*THE TASK*. Return all the data exactly, keeping the pictures out.

___ SUPPLIED INFORMATION ___

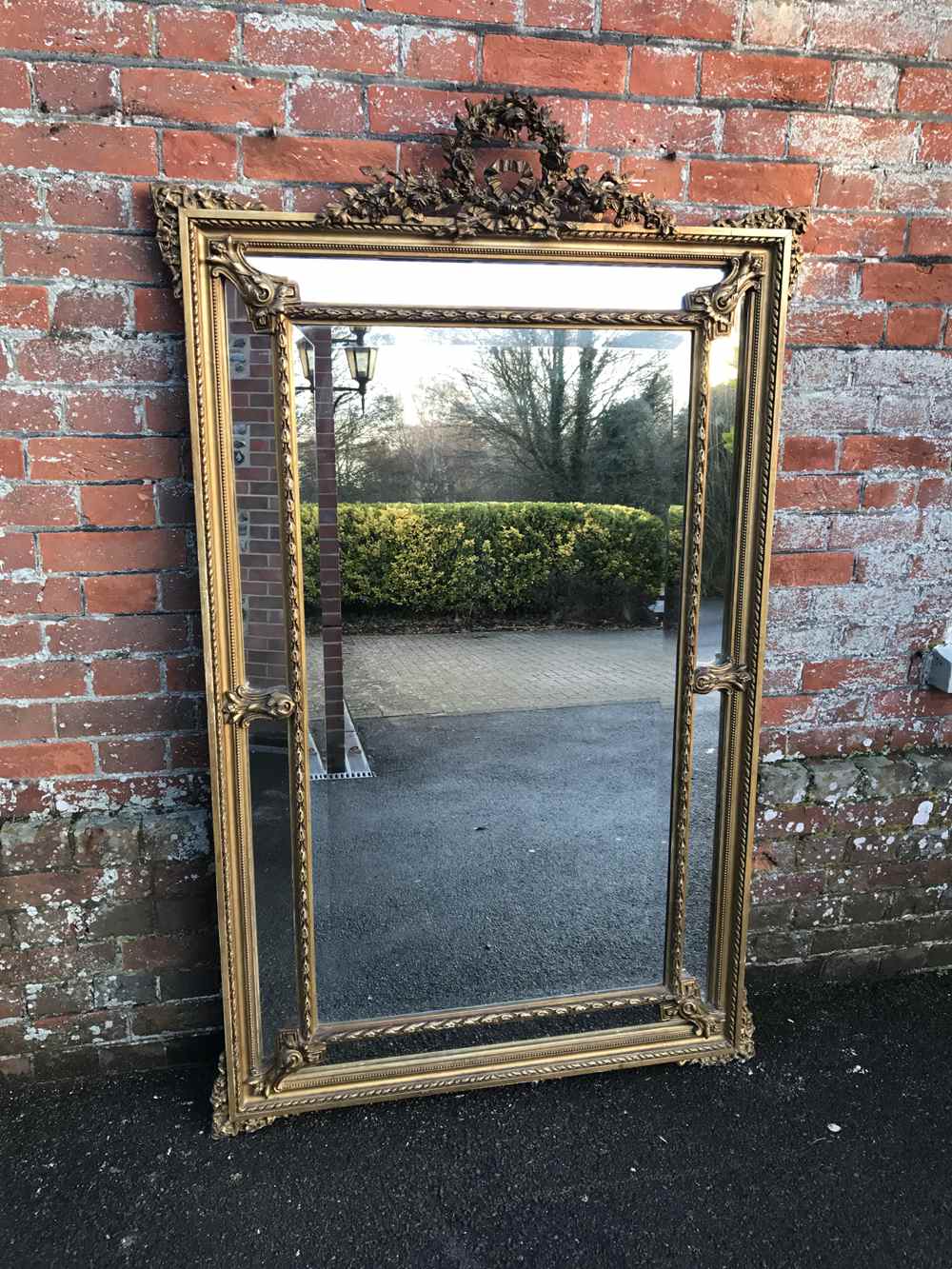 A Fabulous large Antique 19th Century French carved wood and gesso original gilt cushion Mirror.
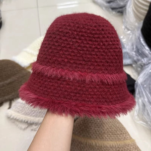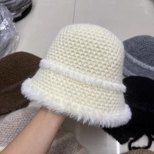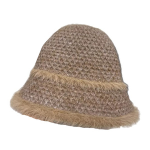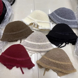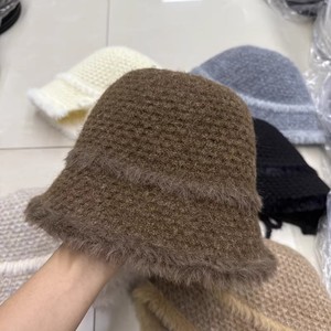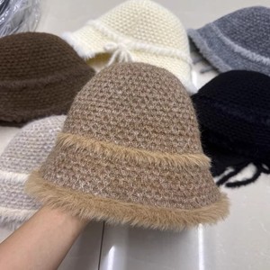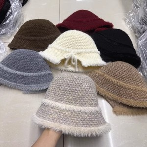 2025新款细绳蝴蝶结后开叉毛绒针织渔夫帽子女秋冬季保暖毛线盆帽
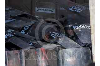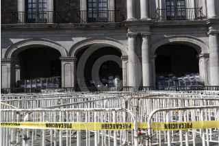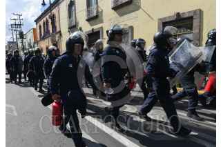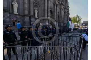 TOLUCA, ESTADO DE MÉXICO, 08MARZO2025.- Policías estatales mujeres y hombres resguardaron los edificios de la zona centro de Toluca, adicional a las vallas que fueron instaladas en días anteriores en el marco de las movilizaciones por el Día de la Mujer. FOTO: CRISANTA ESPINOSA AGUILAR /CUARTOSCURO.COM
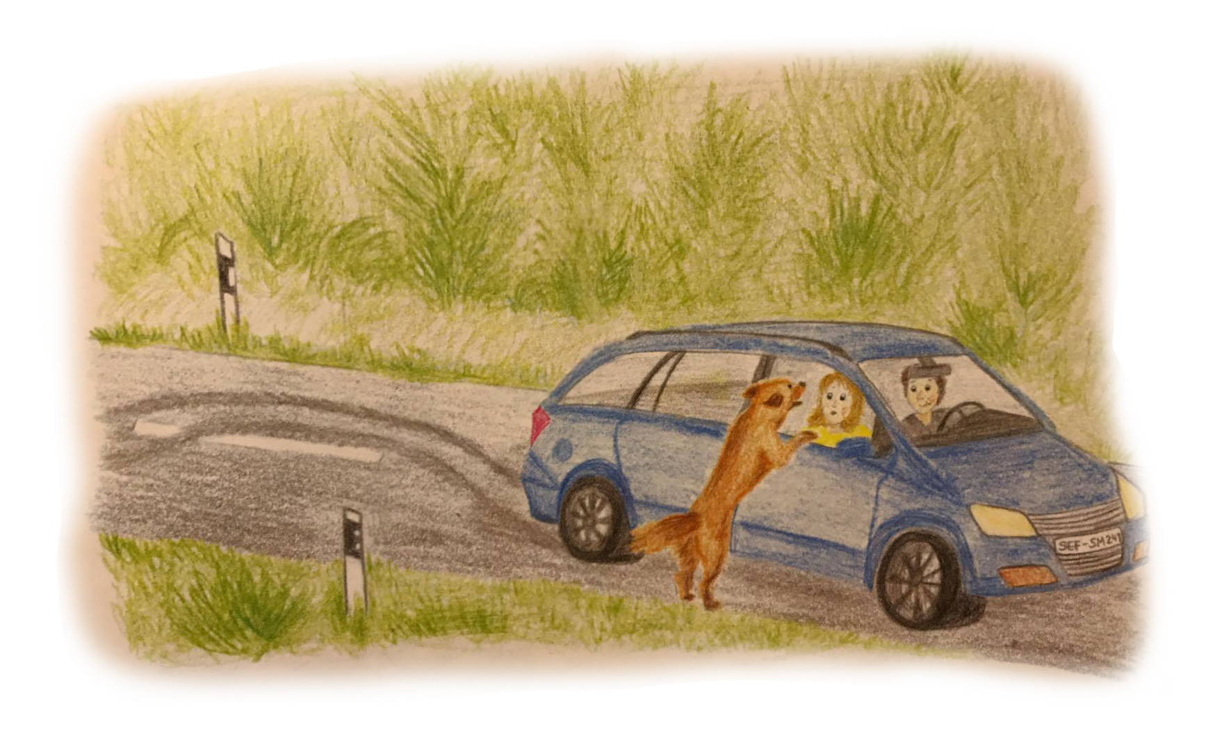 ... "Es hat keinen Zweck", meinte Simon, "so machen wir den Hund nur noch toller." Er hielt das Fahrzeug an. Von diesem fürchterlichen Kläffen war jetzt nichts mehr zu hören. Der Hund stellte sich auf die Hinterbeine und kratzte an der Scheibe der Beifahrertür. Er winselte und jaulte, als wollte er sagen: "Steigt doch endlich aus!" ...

___

*ANSWER FOR THIS EXERCISE*.
 A Fabulous large Antique 19th Century French carved wood and gesso original gilt cushion Mirror.
 2025新款细绳蝴蝶结后开叉毛绒针织渔夫帽子女秋冬季保暖毛线盆帽
 TOLUCA, ESTADO DE MÉXICO, 08MARZO2025.- Policías estatales mujeres y hombres resguardaron los edificios de la zona centro de Toluca, adicional a las vallas que fueron instaladas en días anteriores en el marco de las movilizaciones por el Día de la Mujer. FOTO: CRISANTA ESPINOSA AGUILAR /CUARTOSCURO.COM
 ... "Es hat keinen Zweck", meinte Simon, "so machen wir den Hund nur noch toller." Er hielt das Fahrzeug an. Von diesem fürchterlichen Kläffen war jetzt nichts mehr zu hören. Der Hund stellte sich auf die Hinterbeine und kratzte an der Scheibe der Beifahrertür. Er winselte und jaulte, als wollte er sagen: "Steigt doch endlich aus!" ...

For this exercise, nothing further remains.